### Exercise description
Print the lines from the one containing "2月22日一早,鄂州市华容区" through the end of the listing below, exactly as written. Any pictures stay out.

Given information Start Marker

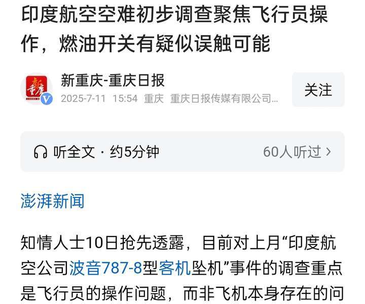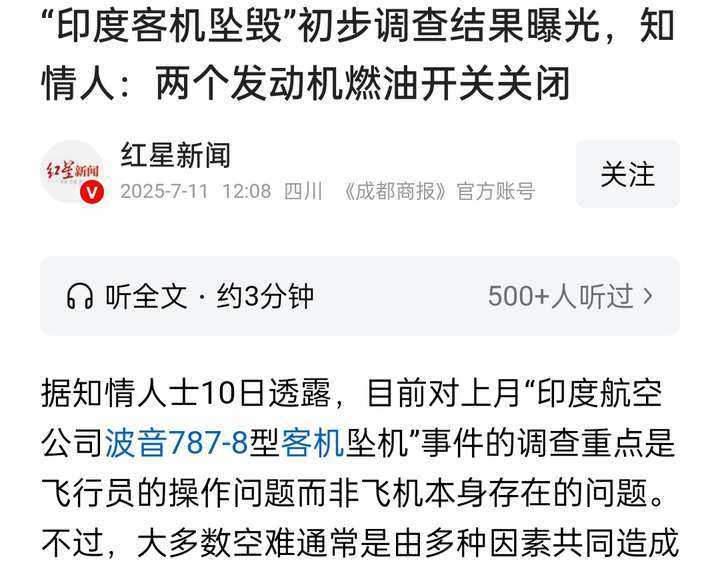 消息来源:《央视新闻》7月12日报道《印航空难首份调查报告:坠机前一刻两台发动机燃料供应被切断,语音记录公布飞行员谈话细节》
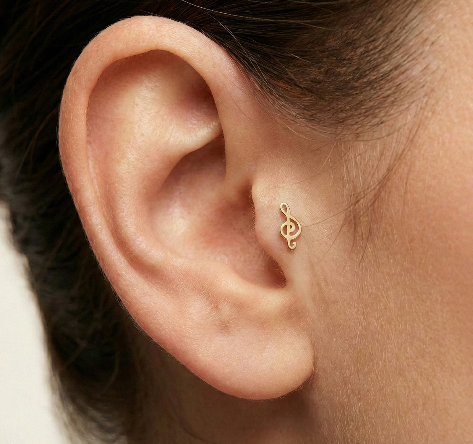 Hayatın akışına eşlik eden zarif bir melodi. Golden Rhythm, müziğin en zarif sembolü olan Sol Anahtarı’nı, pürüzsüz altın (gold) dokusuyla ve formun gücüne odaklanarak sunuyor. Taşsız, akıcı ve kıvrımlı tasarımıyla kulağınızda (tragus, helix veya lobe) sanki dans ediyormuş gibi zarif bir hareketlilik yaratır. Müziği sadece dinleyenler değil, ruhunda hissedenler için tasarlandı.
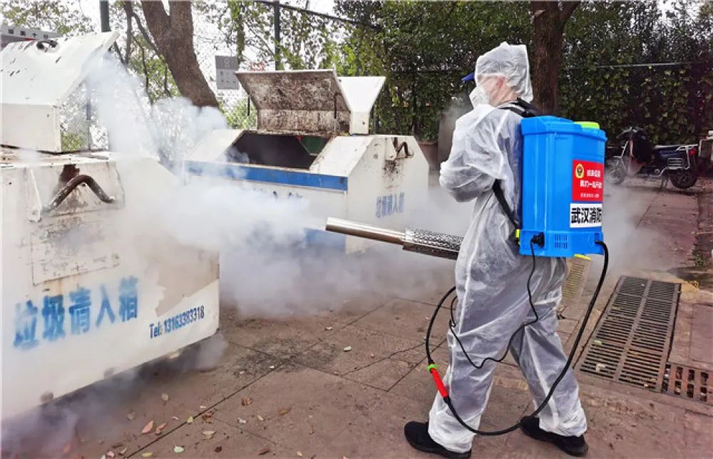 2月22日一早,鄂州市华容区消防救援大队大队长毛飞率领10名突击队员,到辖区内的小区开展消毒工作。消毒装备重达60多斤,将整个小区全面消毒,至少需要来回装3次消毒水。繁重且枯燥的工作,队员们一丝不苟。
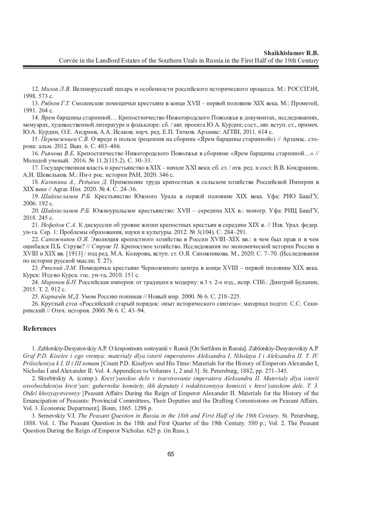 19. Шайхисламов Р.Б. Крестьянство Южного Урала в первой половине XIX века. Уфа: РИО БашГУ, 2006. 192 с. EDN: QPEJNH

Given information End Marker

### Response for this exercise
 2月22日一早,鄂州市华容区消防救援大队大队长毛飞率领10名突击队员,到辖区内的小区开展消毒工作。消毒装备重达60多斤,将整个小区全面消毒,至少需要来回装3次消毒水。繁重且枯燥的工作,队员们一丝不苟。
 19. Шайхисламов Р.Б. Крестьянство Южного Урала в первой половине XIX века. Уфа: РИО БашГУ, 2006. 192 с. EDN: QPEJNH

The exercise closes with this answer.